Revenue rose 12.9% to a record $1.4 billion, driven, the company said, by double-digit growth in each of its branded operating groups. Wolverine Worldwide’s Outdoor group includes footwear brands such as Merrell, Chaco and Patagonia. Over the year, the Outdoor group contributed revenues of $551.8 million, an increase of 18% on the year before. The other branded operating groups are Heritage and Lifestyle.

Other branded operating groups are Lifestyle and Heritage, which respectively brought in revenues of $200.3 million and $500.2 million in 2011.

On announcing the full-year results, chief executive, Blake Krueger, commented: “Each of our three branded operating groups and our direct-to-consumer business contributed to the year’s outstanding results. Additionally, all major international regions reported double-digit revenue growth, as our newly created international group focused on the significant opportunities outside of North America. We are very proud of the record performance in 2011 and are excited about the global momentum of our brands, our continued geographic expansion and the impressive product innovations we have planned for 2012.”

Aerosoles parent company to lay off 100 workers

Move On, a Portuguese footwear manufacturer with a troubled recent history, has said it is preparing to lay off around 100 of its workers.

Last year, multinational group Tata bought a controlling stake in Move On, manufacturer of the Aerosoles brand of shoes. An insolvency event at previous parent company Investvar in July 2010 led to the government there, in conjunction with the five biggest Portuguese banks, taking the firm into state ownership.

Since Tata became involved, production has taken place at the company’s factory at Esmoriz in northern Portugal and at a factory in India. In an announcement at the end of January, Move On said it had decided to consolidate its Portuguese operations and focus exclusively on using its facility at Esmoriz to create new designs, manufacture samples for new collections and very small production runs of its highest-value models. It said it saw this as the best way to guarantee a future for the business and to give it “a cost-structure that is in keeping with the present state of the market”.
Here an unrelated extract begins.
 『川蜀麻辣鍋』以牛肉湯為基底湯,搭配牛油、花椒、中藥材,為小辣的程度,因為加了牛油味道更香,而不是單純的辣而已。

In a statement, Move On said it had communicated its decision to its workforce and committed itself to making the process of laying off some of its employees as quick as possible.
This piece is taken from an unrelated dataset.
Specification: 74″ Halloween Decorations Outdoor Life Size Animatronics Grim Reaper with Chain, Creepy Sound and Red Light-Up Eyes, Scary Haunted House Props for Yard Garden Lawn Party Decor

Why 51 Italian shoe brands braved Moscow in January

Italian National Footwear Industry Association ANCI led a delegation of Italian footwear firms to the Consumexpo consumer goods exhibition in Moscow in January. Following the withdrawal of funding for Italy’s export promotions agency last year, ANCI took over as organiser of the Italian pavilion at the event.

In total 51 Italian companies used the event to present their spring-summer 2012 collections and previews for autumn-winter 2012–2013 to the Russian market, which ANCI has said is one of the most important for Italian footwear.

Russia is Italy’s fourth-biggest footwear customer, having regained the ground it lost in 2010 when it slipped down to fifth place. Performance in the first nine months of 2011 showed growth of 21.6% in value and of 16.3% in volume for exports of shoes from Italy to Russia. These increases brought total exports for the nine-month period to EUR 424 million and 5.6 million pairs of shoes. An average price of EUR 76.18 euro per pair is also one of the highest in all export markets for Italian footwear and increased by 4.5% over the period in question.

“Consumexpo has lived up to the Italian footwear industry’s expectations,” said ANCI chairman, Cleto Sagripanti, after the event. “The 51 companies attending the exhibition met with highly qualified selected dealers to define the fine print of their last orders for spring-summer and consolidate their business relations.”

Goat leather used in minimal shoes

Oregon-based footwear company Skora has unveiled its Form running shoe; a minimalist, barefoot-inspired shoe with an upper which is crafted from goat leather and lined with sheep leather, making it one of the only minimalist running shoes with a fully leather upper.

The leather is tanned using Pittards’ WRX100 treatment, which Skora says adds permanent water resistance and allows sweat to breathe outside the leather. The treatment is also meant to keep the leather soft and supple. Skora claims the Forms can be run in without socks.